You know, I have been happily wedded to Android for a while now. I’m typing this on my old Nexus 7, and it’s still a great device. It’s not as hardy under the hood as my Note 3, on which I do most of the art for this site. But even this Nexus 7 is a powerhouse next to my first smartphone from as few years ago, the HTC Surround. I charged it up for a lark recently and realized that as much as I enjoy Android, there’s a lot still to love about Windows Phone — things that are still true about the platform today.
10 – It’s Fast.
Like, very fast. It feels faster than my Note 3 sometimes, especially when doing core OS work and using default apps, and the Note is still one of the fastest devices out there, running a bleeding-edge OS. I’m impressed at the impression of speed (if not raw computing power) of this now four-year-old device. (Happy birthday, HTC Surround!)
9 – It’s Pretty.
And charming. All the little motions, actions, flips, and whatnot
8 – The Lack of Apps Isn’t the First Thing You Notice.
Futzing around with this old WP 7.8 device made me realize that the core OS had enough built-in functionality that I didn’t miss my ridiculous app ecosystem while doing most of my usual phone tasks. Which reminds me…
7 – Hubs Were Clever, and They Will Be Missed.
Hubs were kind of aggregators for information pulled from various accounts and apps. The Me hub, for example, pulled all my major social media information together, and I could interact with my friends and followers right from there. One consistent, clean experience across all my accounts.
6 – The Mail App May Not Be Amazing, But It’s Crazy Readable.
Unless there’s some wonky formatting in the message, the bold, bright, type-first design really makes messages easy to read and digest quickly, with very little chrome to distract from the content.
5 – It Feels Like My Phone.
The extra work I put in to customize my homescreen and get all the live tiles where I wanted them makes it feel way more like my phone than even the deep customizability of Android. Yes, I know it’s a superficial customization, but it feels more meaningful, because the thing that most reflects me on Windows Phone is the thing that I interact with first whenever I pick up the phone.
4 – Live Tiles are Still an Awesome UI Paradigm.

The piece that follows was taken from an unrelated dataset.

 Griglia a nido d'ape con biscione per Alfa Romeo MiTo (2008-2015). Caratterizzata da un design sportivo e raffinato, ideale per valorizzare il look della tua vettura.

Not only do they convey a ton of good information when they’re done right, but Live Tiles as a graphic element are kind of genius. Their animations bring the phone to life, asking for your attention instead of demanding it. Having an app suggest that there’s an action to be taken and giving you the sense of what that action will be is very friendly.
3 – The Voice Controls Are Solid.
Even before Cortana, Windows Phone had great voice control. Get a text? It’ll tell you who it’s from and ask you if you want it read aloud. Once it’s read, do you want to reply? It’s that easy. Google voice stuff is really impressive, but I’m becoming more and more intrigued by Cortana (which will be coming to Windows) and frequently miss the ease of use of the TellMe stuff from Windows Phone 7.

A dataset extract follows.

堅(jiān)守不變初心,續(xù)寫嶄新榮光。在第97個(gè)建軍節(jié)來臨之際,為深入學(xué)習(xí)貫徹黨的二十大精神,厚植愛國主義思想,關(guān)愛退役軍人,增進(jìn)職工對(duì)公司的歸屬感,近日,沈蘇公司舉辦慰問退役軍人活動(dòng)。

2 – The Camera is There When You Need It.
Hardware camera buttons are a great idea. Being able to take photos while the phone is locked is a great idea. If I reach for my phone while it’s in my pocket, even my ages-old Surround is ready to take a picture by the time I’ve got it up to my face. On my Note, I still need to decide whether I want my phone secured or camera-ready. It’s a drag.
1 – It’s A Joy to Use
This is what ever other platform lacks. Thanks to the consistent experience and everything else I’ve mentioned, there’s a lightness and playfulness to the software that makes it a joyful experience. My Note is an impressive device, but I don’t know that I’ve ever felt like I was having fun simply navigating around my phone, doing day-to-day tasks. I pick up this old phone that’s an absolute dinosaur given the life cycle of technology, and it’s fun.
I’ve written more about Windows Phone in the past. I hope that sooner rather than later, Microsoft leverages their purchase of Nokia to make some hardware that will steal me away from the Note. Give me a big damn phone and a sweet stylus and I’ll happily come back, Microsoft.
Until then, every now and again I’ll poke around at my old phone here and remind myself why Windows Phone is pretty rad.